Jury selection begins on Monday at an undisclosed location in Florida for the trial of 25-year-old Casey Anthony, accused of murdering her two-year-old daughter Caylee in 2008. (HANDOUT)

Barbara Liston, REUTERS

 

First posted:

ORLANDO, FLA. - 

Jury selection begins on Monday at an undisclosed location in Florida for the trial of 25-year-old Casey Anthony, accused of murdering her two-year-old daughter Caylee in 2008.

The location is being kept under wraps by trial judge Belvin Perry until the jury pool enters the courthouse and is shielded from the media.

Perry has predicted news coverage of the case could dwarf that of the 1995 nationally televised O.J. Simpson murder trial which some called the "Trial of the Century."

"It's reality TV and it's just quirky enough and you have pretty people doing it, and that's just impossible for the media to resist," said Charles Rose, professor of trial advocacy at Stetson Law School in Gulfport, Florida.

Prosecutors are seeking the death penalty.

The case has enough twists and turns and volatile legal issues for a John Grisham novel.

"A competent lawyer, I don't know can win this case. (But) a good lawyer could win it. I mean just flat out win it with an acquittal," Rose, who has followed the case closely from the beginning, told Reuters.

Caylee was reported missing on July 15, 2008 by her grandmother, Cindy Anthony, who called 911 and told the dispatcher she had not seen the little girl for a month.

Cindy Anthony also told the dispatcher Casey's car smelled as if there had been a dead body inside. That smell of death is a major point of contention.

Prosecutors want to admit a new kind of scientific evidence concerning an air sample collected from the car trunk, canned and tested by a human decomposition expert at the Oak Ridge National Laboratory in Tennessee.

When he opened the can, Dr. Arpad Vass testified, "I jumped back about two feet because the odor was pretty strong. But it was to me the smell of human decomposition."

Casey's lawyer, Jose Baez, called air sample evidence "junk science" and guesswork. In Florida, novel scientific evidence can be admitted at trial only if a judge finds the technique is generally accepted by the scientific community.

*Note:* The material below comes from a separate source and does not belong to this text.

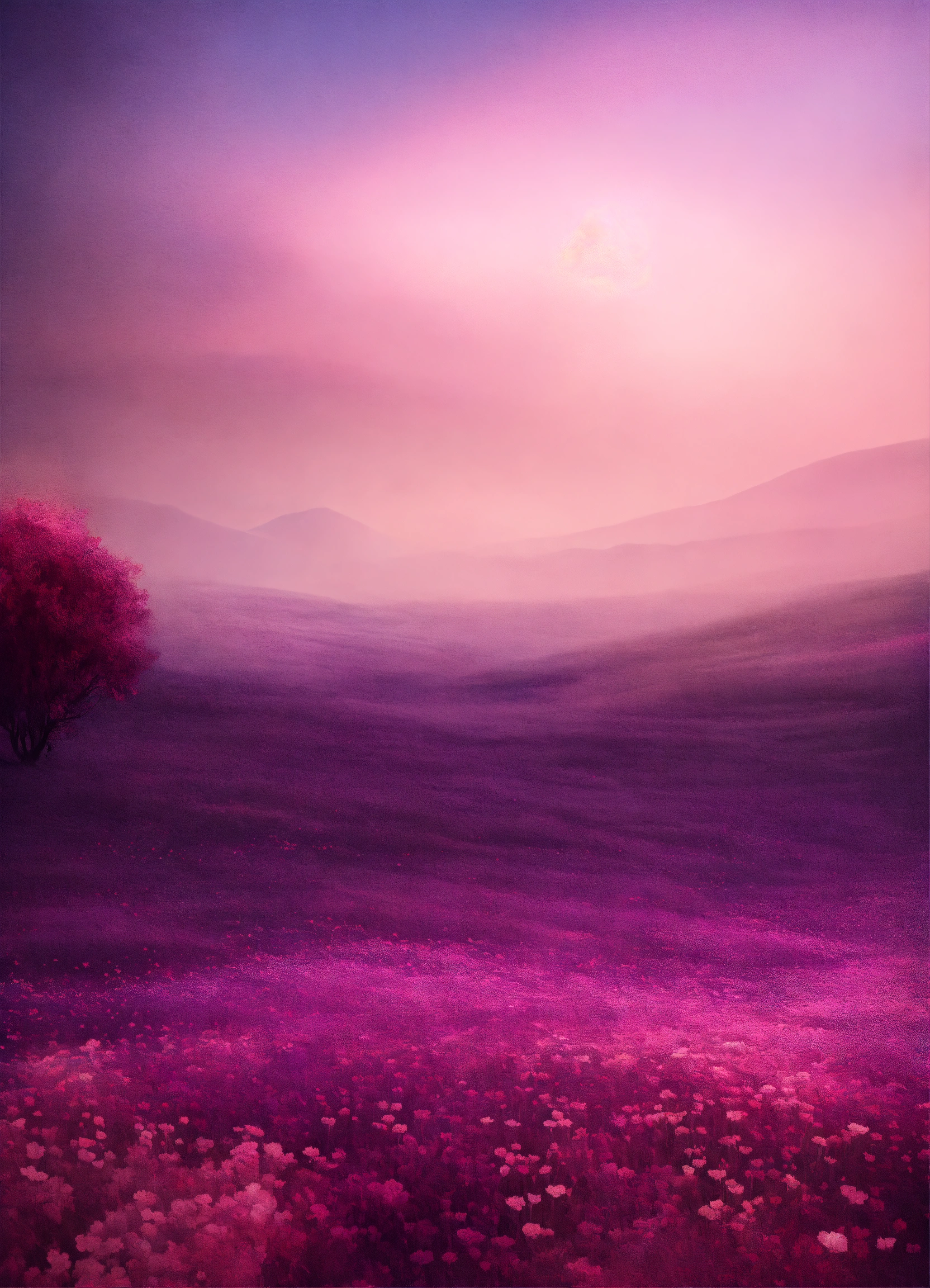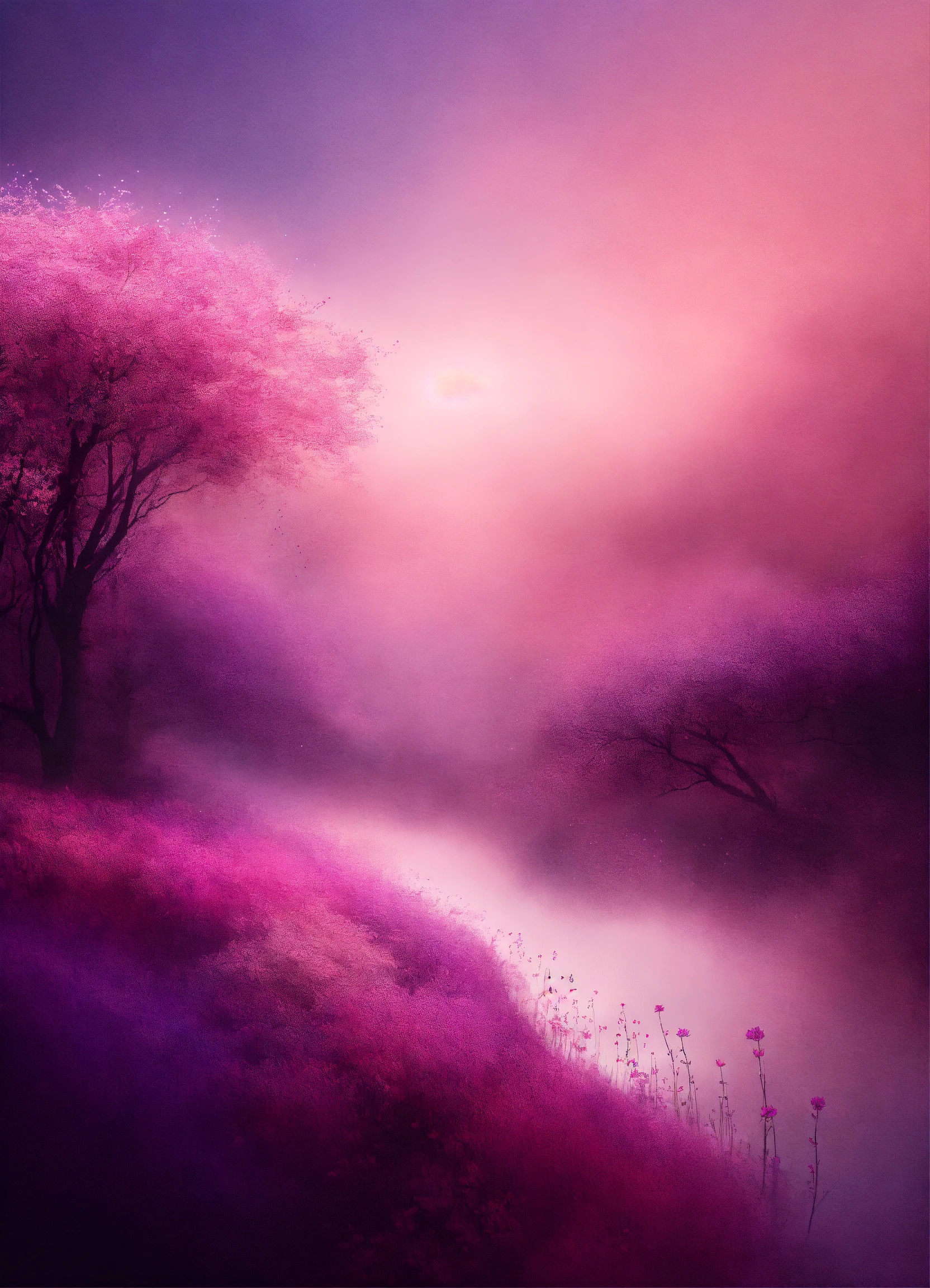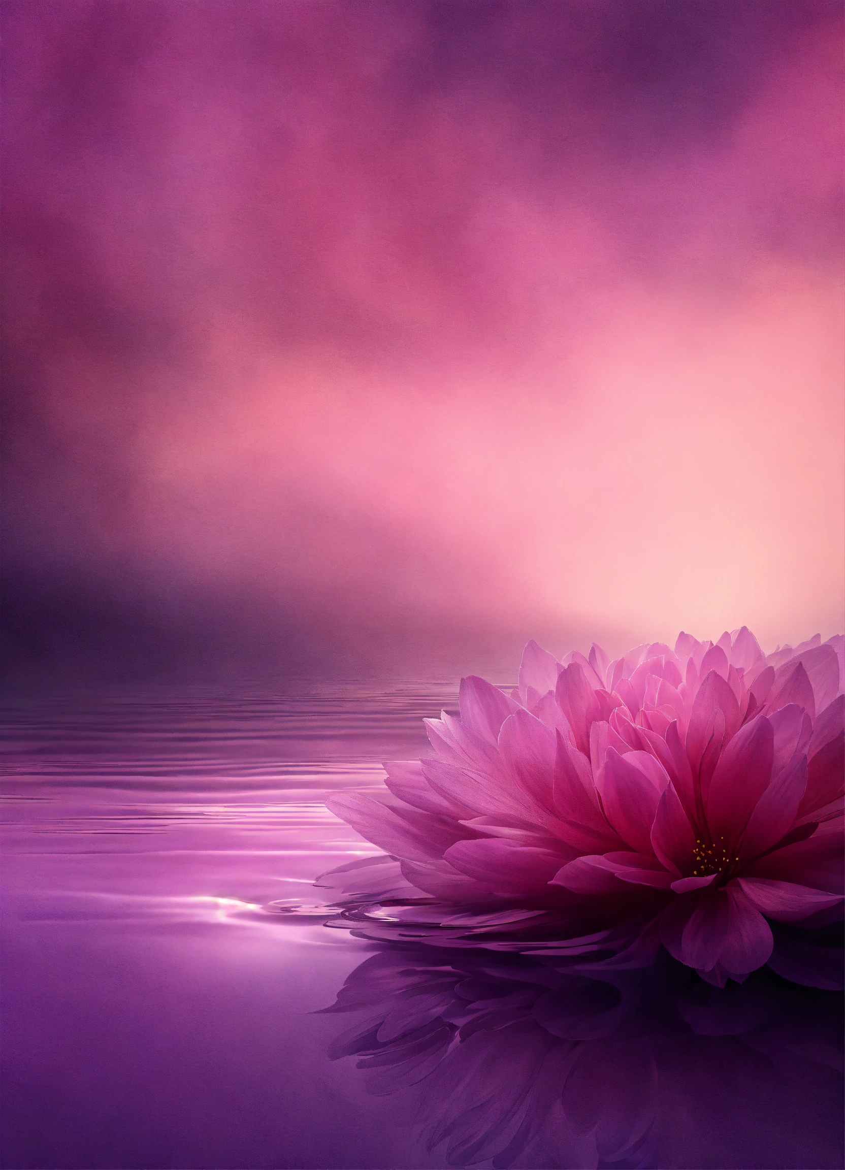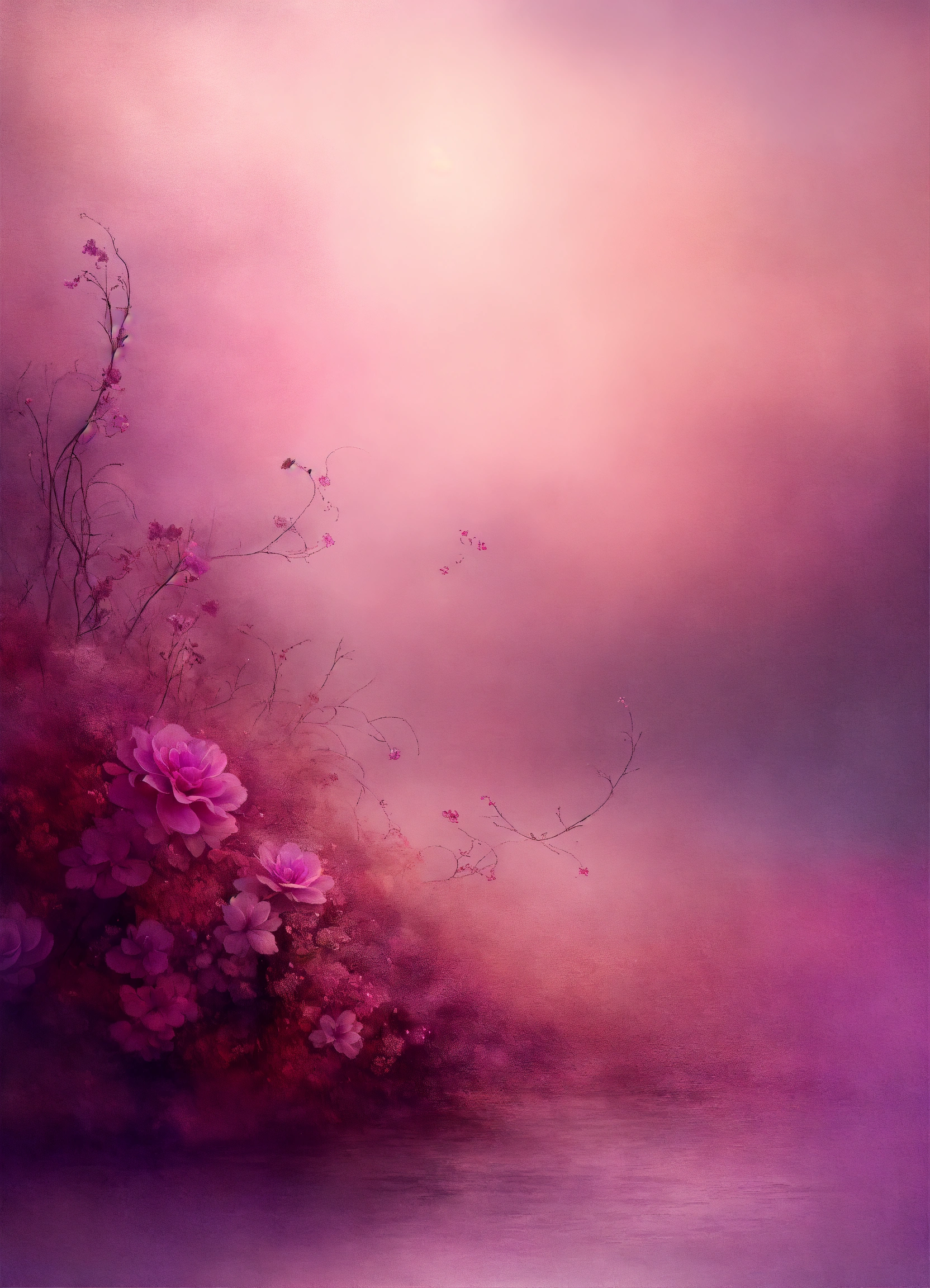 Abstract perfect background image, in the style of surrealistic dreamscapes, digitally enhanced, sparse use of color, soft shade of muted pink and dark purple, serene calm atmosphere, wedding theme, add flower

Perry has yet to rule.

If the air test results are admitted at trial and Casey Anthony is convicted, Rose said that evidence likely would become the basis of an appeal.

During a five-month search in 2008 for Caylee, Casey Anthony told investigators she had left Caylee in the hands of a babysitter, a woman who now is suing Casey for defamation.

Caylee's body was found December 11, 2008 in a wooded area a 15-minute walk from the Anthony home.

Photographs had meanwhile surfaced of Casey partying at a nightclub at a time she claimed to have been searching for her daughter.

Over defense objections, Perry recently issued an order to allow evidence concerning heart-shaped residue a fingerprint examiner saw but did not preserve on duct tape that covered Caylee's mouth. Investigators found heart-shaped stickers in the Anthony home.

Perry also approved a forensic botanist's testimony concerning how long Caylee's body lay in the woods based on plant growth on her bones, evidence of a stain found in Casey's car trunk that is consistent with volatile fatty acids from human decomposition, and elevated chloroform levels detected in Casey's car.

Investigators found records of a computer search for information about chloroform on the Anthony family computer.

"The evidence that we know about, the evidence that's been disclosed, I haven't seen a piece of it that cannot be explained with some other interpretation," said Rose.

The trial is expected to last up to eight weeks. An unusually large group of 20 jurors and alternate jurors will be selected and then sequestered in Orlando for the duration.

Spectators can line up as early as 5:30 a.m. each day to obtain a pass for one of the approximately 50 seats available to the general public.